◆ WHAT THE TASK REQUIRES
Only the text belongs in the answer: every line of the records below, transcribed exactly.

◆ Items from a dataset
**********

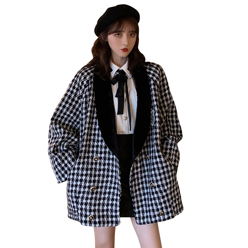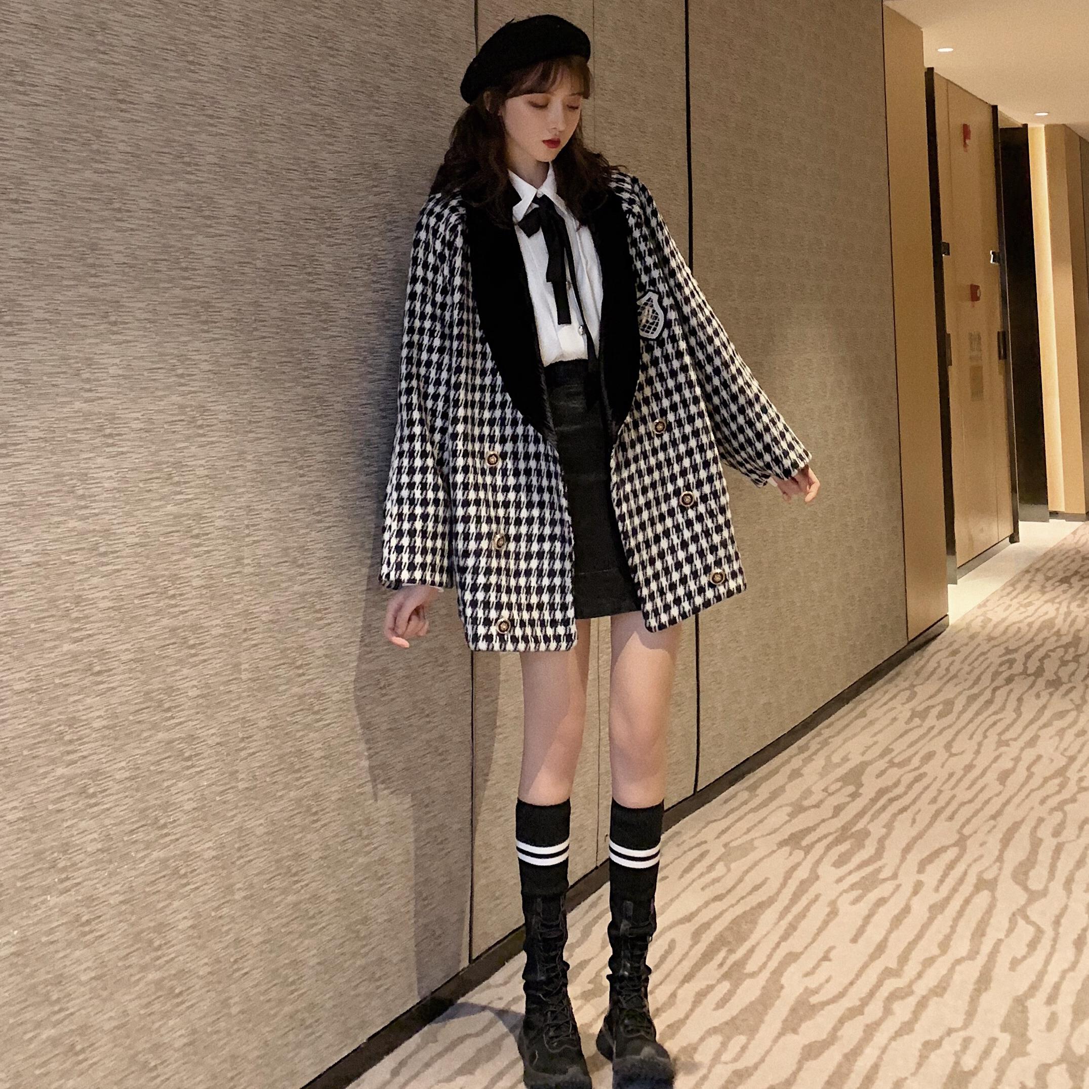 冬季新款寬松斗篷千鳥格毛呢大衣外套女領帶長袖襯衫港風時尚套裝
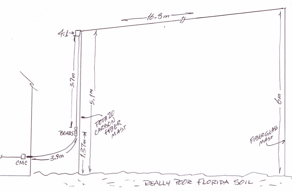 Now, let’s try again with variations. This time I’ll use two masts with the transformer and coax raised off the ground as follows. The old, broken, fiberglass mast raises the transformer and dangling feed line to 5.1 meters. A “Pota20” carbon fiber mast raises the other end of the 16.8 meter wire to 6 meters above ground. The remaining portion of the dangling coax (ABR 400) enters the shack (actually my lanai) through a bulkhead connector and is immediately met with a homebuilt* common mode choke (CMC).
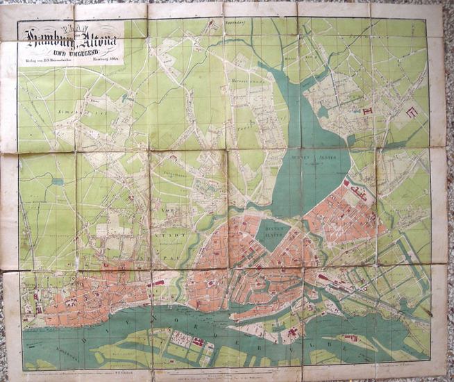 Plan von Hamburg, Altona und Umgegend. Hamburg, 1864. Hamburg, H.S.Berendsohn, 1864. Leinenmäppchen mit Goldprägung, 8°, mehrfarbige, mehrfach gefaltete Karte, Lithographie von J.Guntrum, 53x60 cm, auf Leinen montiert, 1 Bl Register; - Mappe berieben, Leinenkaschierung vermutlich privat, etwas fleckig und berieben. Detaillreiche, frühe Straßenkarte von Hamburg und Altona.
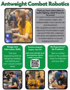 Learn more about the Summer Program which begins June 4th, sign up at growingstems.org/ant-weight-competition/
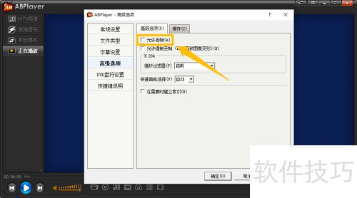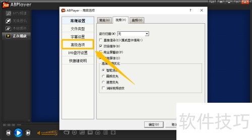 - 进入ABPlayer的高级选项界面,点击左侧的相应设置项。
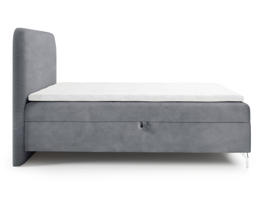 Amennyiben egy igazán nagy franciaágyat keres az otthonába, jó helyen jár! A 200x200 cm méretben készült szürke kordbársony szövettel kárpitozott GOMEZ boxspring ágy tökéletes választás lehet. Ez az ágy mindennel rendelkezik, amire csak szüksége lehet. Tartalmaz matracokat, ágyneműtartót, fedőmatracot, ágytámlát és még lábakat is. Nem csoda hát, ha egyszerűen mindenkit levesz a lábáról. A magas puha háttámla jó szolgálatot tesz az esti olvasás vagy tévénézés közben. Az egész ágy igazi luxust és kényelmet kínál. A boxspring ágy tökéletes választás nem csak a hálószobákba, de a vendégszobába vagy szállodai szobákba is. A kontinentális ágy két tágas ágyneműtartóval is rendelkezik, amelyek a rugós mechanizmusnak köszönhetően könnyedén és erőfeszítés nélkül nyithatók. A kényelmes alvásról bonell rugókból és T30-as habból álló matrac gondoskodik, amelyhez társul még egy 4 cm vastag T-25 habból készült fedőmatrac (topper) is. A stabil szerkezetet ezüst színű fém lábak teszik teljessé, amelyek modern megjelenést kölcsönöznek az ágynak.

**********

◆ PROBLEM SOLUTION
 冬季新款寬松斗篷千鳥格毛呢大衣外套女領帶長袖襯衫港風時尚套裝
 Now, let’s try again with variations. This time I’ll use two masts with the transformer and coax raised off the ground as follows. The old, broken, fiberglass mast raises the transformer and dangling feed line to 5.1 meters. A “Pota20” carbon fiber mast raises the other end of the 16.8 meter wire to 6 meters above ground. The remaining portion of the dangling coax (ABR 400) enters the shack (actually my lanai) through a bulkhead connector and is immediately met with a homebuilt* common mode choke (CMC).
 Plan von Hamburg, Altona und Umgegend. Hamburg, 1864. Hamburg, H.S.Berendsohn, 1864. Leinenmäppchen mit Goldprägung, 8°, mehrfarbige, mehrfach gefaltete Karte, Lithographie von J.Guntrum, 53x60 cm, auf Leinen montiert, 1 Bl Register; - Mappe berieben, Leinenkaschierung vermutlich privat, etwas fleckig und berieben. Detaillreiche, frühe Straßenkarte von Hamburg und Altona.
 Learn more about the Summer Program which begins June 4th, sign up at growingstems.org/ant-weight-competition/
 - 进入ABPlayer的高级选项界面,点击左侧的相应设置项。
 Amennyiben egy igazán nagy franciaágyat keres az otthonába, jó helyen jár! A 200x200 cm méretben készült szürke kordbársony szövettel kárpitozott GOMEZ boxspring ágy tökéletes választás lehet. Ez az ágy mindennel rendelkezik, amire csak szüksége lehet. Tartalmaz matracokat, ágyneműtartót, fedőmatracot, ágytámlát és még lábakat is. Nem csoda hát, ha egyszerűen mindenkit levesz a lábáról. A magas puha háttámla jó szolgálatot tesz az esti olvasás vagy tévénézés közben. Az egész ágy igazi luxust és kényelmet kínál. A boxspring ágy tökéletes választás nem csak a hálószobákba, de a vendégszobába vagy szállodai szobákba is. A kontinentális ágy két tágas ágyneműtartóval is rendelkezik, amelyek a rugós mechanizmusnak köszönhetően könnyedén és erőfeszítés nélkül nyithatók. A kényelmes alvásról bonell rugókból és T30-as habból álló matrac gondoskodik, amelyhez társul még egy 4 cm vastag T-25 habból készült fedőmatrac (topper) is. A stabil szerkezetet ezüst színű fém lábak teszik teljessé, amelyek modern megjelenést kölcsönöznek az ágynak.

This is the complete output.